Gcina Mhlophe

Gcina Mhlophe (1959 – ) Born in Hammarsdale, KwaZulu-Natal, Mhlophe now lives in Durban. Gcina Mhlophe has been writing and performing on stage and screen for many decades years. She has written many children’s books as well as adult audience poetry, short stories and plays. She produced and performed on a CD for children with Ladysmith Black Mambazo. She has written music for the SABCTV series Gcina & Friends where she performed her own stories for television audiences. In 2000 she released an award-winning storytelling CD called Fudukazi’s Magic for German audiences. She has also written both story and music in collaboration with guitarist, Bheki Khoza, for the Animated Tales of the World TV series.

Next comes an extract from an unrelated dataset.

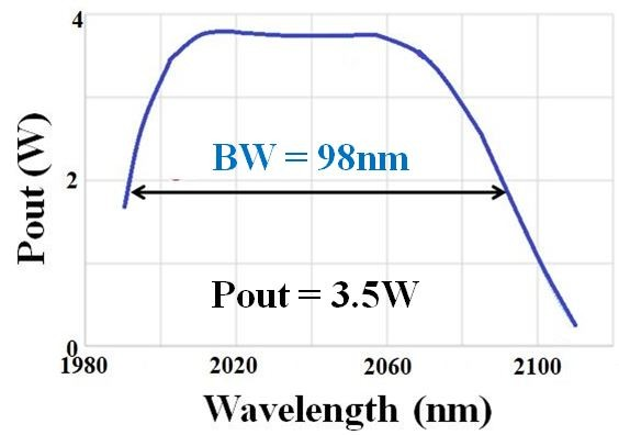 HELIOS高功率光纤放大器能在从大约1980nm到2080nm的宽达98nm的波长范围内,都保持较高且稳定的3.5W功率输出。具有宽带宽的特性。

In 2001 her CD and book of Nozincwadi Mother of Books was produced as part of her nationwide reading road show to South African rural schools and in 2023 she made the book accessible as a video in Sign Language. Her work has received awards from BBC Africa Service for Radio Drama, The Fringe First Award in the Edinburgh Festival, the Josef Jefferson Award in Chicago, and OBBIE in New York.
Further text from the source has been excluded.